Mini-Mag Orion
- Country of origin: United States
- Date: 2000
- Manufacturer: Andrews Space

Solid-fuel motor

Performance
- Thrust-to-weight ratio: 0.2-10

= Mini-Mag Orion =

Nuclear Pulse Propulsion

Mini-Mag Orion (MMO), or Miniature Magnetic Orion, is a proposed type of spacecraft propulsion based on the Project Orion nuclear propulsion system. The Mini-Mag Orion system achieves propulsion by compressing fissile material in a magnetic field, a Z-pinch, until fission occurs. This fission reaction propels the craft. MMO should be able to propel 100 tons to Mars within 3 months or to Jupiter in about one year.

== History ==
In June 2000, Andrews Space concluded a Phase I NASA Small Business Innovation Research project on an iteration of the original Project Orion concept termed MagOrion. MagOrion introduced the use of a large, 2 km diameter, superconducting ring to interact with the plasma debris of the nuclear explosive pulses; replacing the mechanically dampened pusher plate of the original Project Orion concept. This enabled specific impulses above 10,000 seconds with initial system Thrust to Weight ratios from 0.2 to 10. The study also identified several potential show-stoppers for MagOrion; the brittleness of superconductors and their susceptibility to critical self-field limitations, the technical challenge of constructing a 2 km diameter superconductor in space as well as the political difficulty of launching a device capable of ejecting nuclear explosives at high repetition rates. These concerns led to the next iteration in the Orion family of designs, Mini-MagOrion (MMO), which are discussed here. The MMO program was funded jointly by NASA and the US Department of Energy (DOE)

== Concept ==
The Mini-MagOrion (MMO) concept attempts to address the identified short-comings of the MagOrion concept. The MMO design adds two important aspects to the family of Orion concepts. First, the use of magnetic compression of the fissile targets enables the utilization of much smaller explosions, 50-500 GJ yield vs. 20,000 GJ, which are triggered by an external device and thus cannot be projected as a potential weapon. Second, using smaller yield explosions allowed for the replacement of the large superconducting ring with a more sophisticated assembly of several coils arranged into a nozzle like configuration.

== Testing ==
Andrews Space worked together with the US Sandia National Laboratories to conduct several experiments that demonstrated key components of the MMO design. The first experiment, conducted on the SNL Saturn machine, showed that mylar, in the form of plastic foil, could be used as a conductor to direct the current into the fuel pellet which would then set up the imploding magnetic field to compress it.

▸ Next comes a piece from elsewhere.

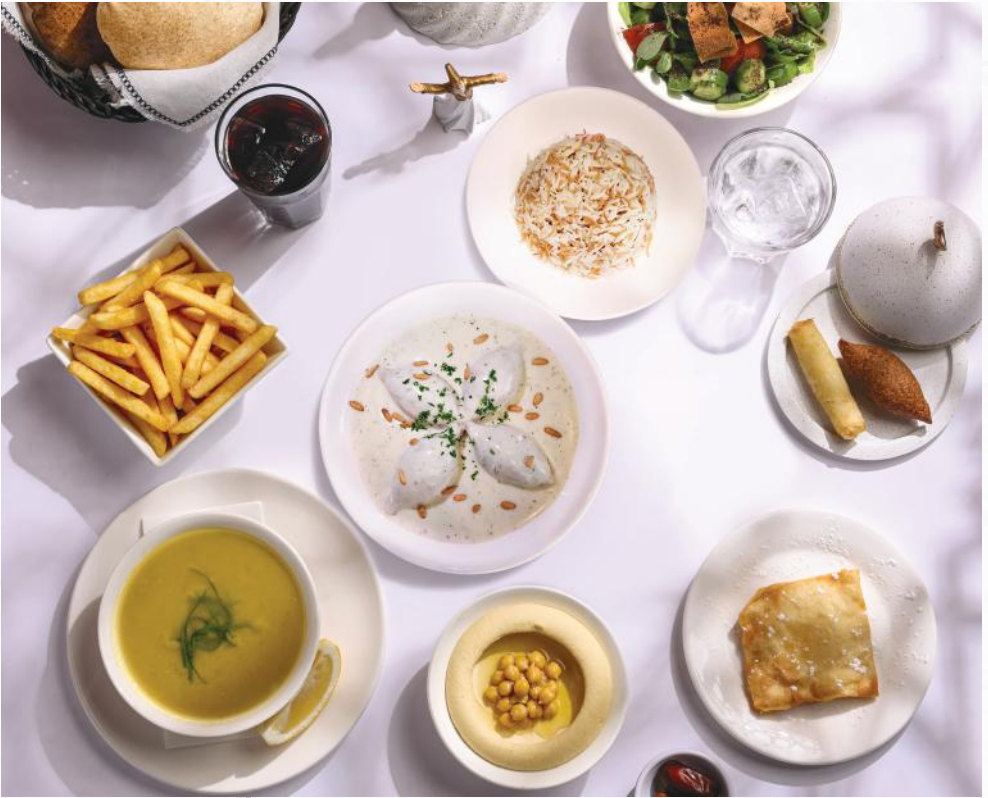
Kebbeh bel Laban Offer

The second test was conducted on the SNL Z-Machine, the world's most powerful x-ray emitter and z-pinch at that time. The experiment was intended to measure the relationship between the applied power pulse and the resulting compression ratio of the target. The experiments did not use fissile material, but a number of inert heavy elements, gold, tungsten, etc., to avoid contamination of the facility. The results were inconclusive due to challenges with the measurement equipment used to determine the compression ratio.

== Media ==
The July 2003 issue of Aerospace Engineering, published by SAE Aerospace, had a brief article about the Mini-MagOrion program and the pulse power experiments at Sandia National Laboratories. Due to its close relationship to the original Project Orion, the MMO concept continues to be discussed throughout the blogosphere.